*INSTRUCTIONS FOR THE TASK*
Begin your copy at the line that holds "Juego de 4 tuercas" and carry it through the final line of the data, writing out each line exactly and omitting pictures.

*DATA*
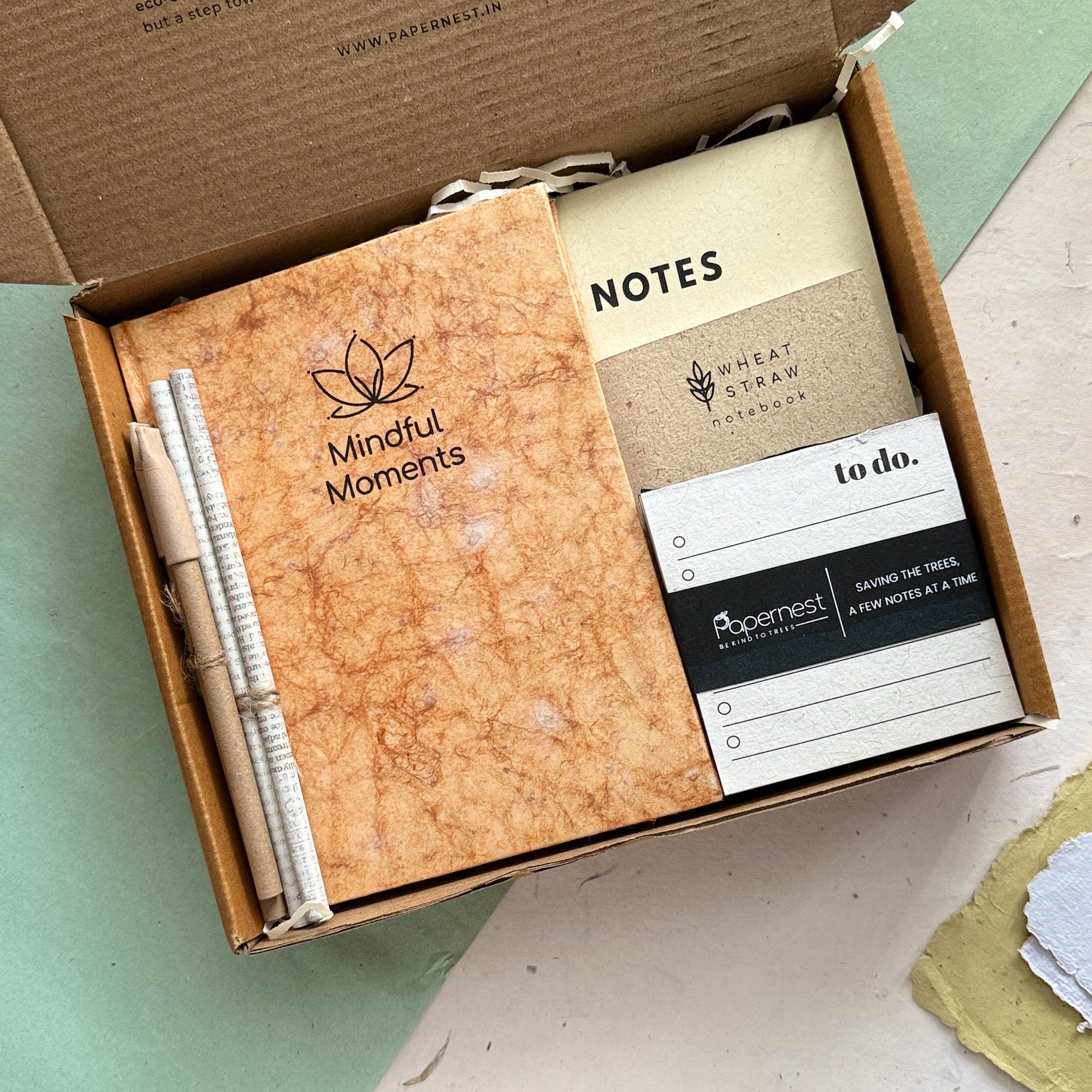 Treeless Treasure Box - our stationery box is meticulously curated to include a variety of stationery essentials like notebooks, notepads, pens, pencils, letter envelops and other desk accessories. Our commitment to sustainability starts with the materials we use. The minimalist design makes it perfect for personal or corporate gifting.
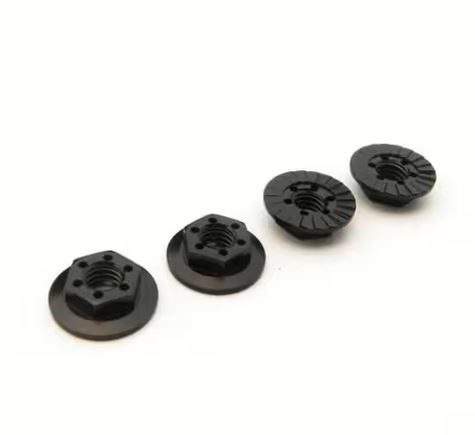 Juego de 4 tuercas de rueda M4 de aluminio de alta calidad de Hiro Seiko. Estas tuercas están diseñadas con un acabado dentado para un mejor agarre y fijación en la llanta, evitando que se aflojen con la vibración. Su diseño fino de 11 mm las hace ideales para aplicaciones en coches RC donde se requiere un ajuste seguro sin añadir peso extra.
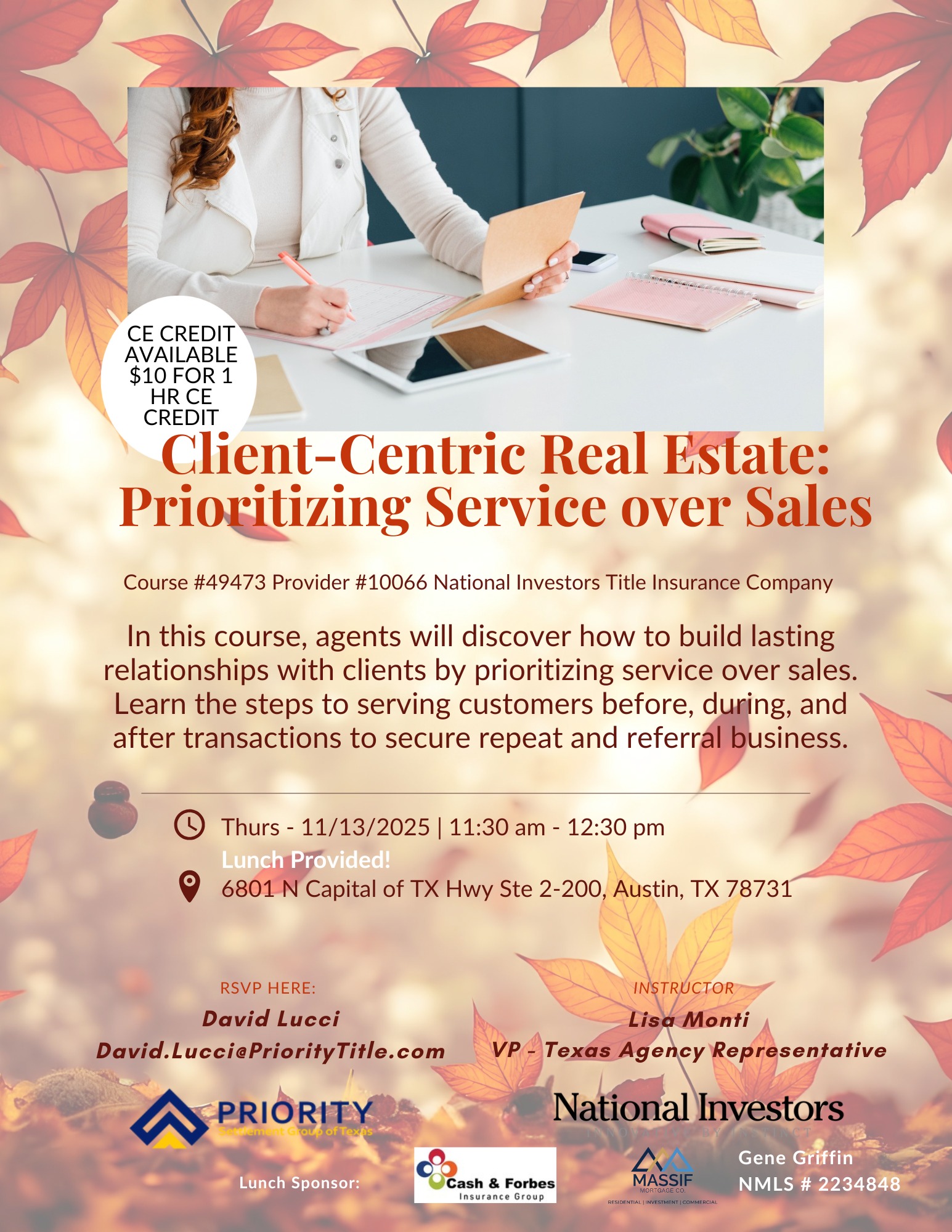 Join us for โClient-Centric Real Estate: Prioritizing Service Over Salesโ โ a course designed to help agents strengthen client relationships and grow their business through service-focused strategies.

*RESPONSE TO THE EXERCISE*
 Juego de 4 tuercas de rueda M4 de aluminio de alta calidad de Hiro Seiko. Estas tuercas están diseñadas con un acabado dentado para un mejor agarre y fijación en la llanta, evitando que se aflojen con la vibración. Su diseño fino de 11 mm las hace ideales para aplicaciones en coches RC donde se requiere un ajuste seguro sin añadir peso extra.
 Join us for โClient-Centric Real Estate: Prioritizing Service Over Salesโ โ a course designed to help agents strengthen client relationships and grow their business through service-focused strategies.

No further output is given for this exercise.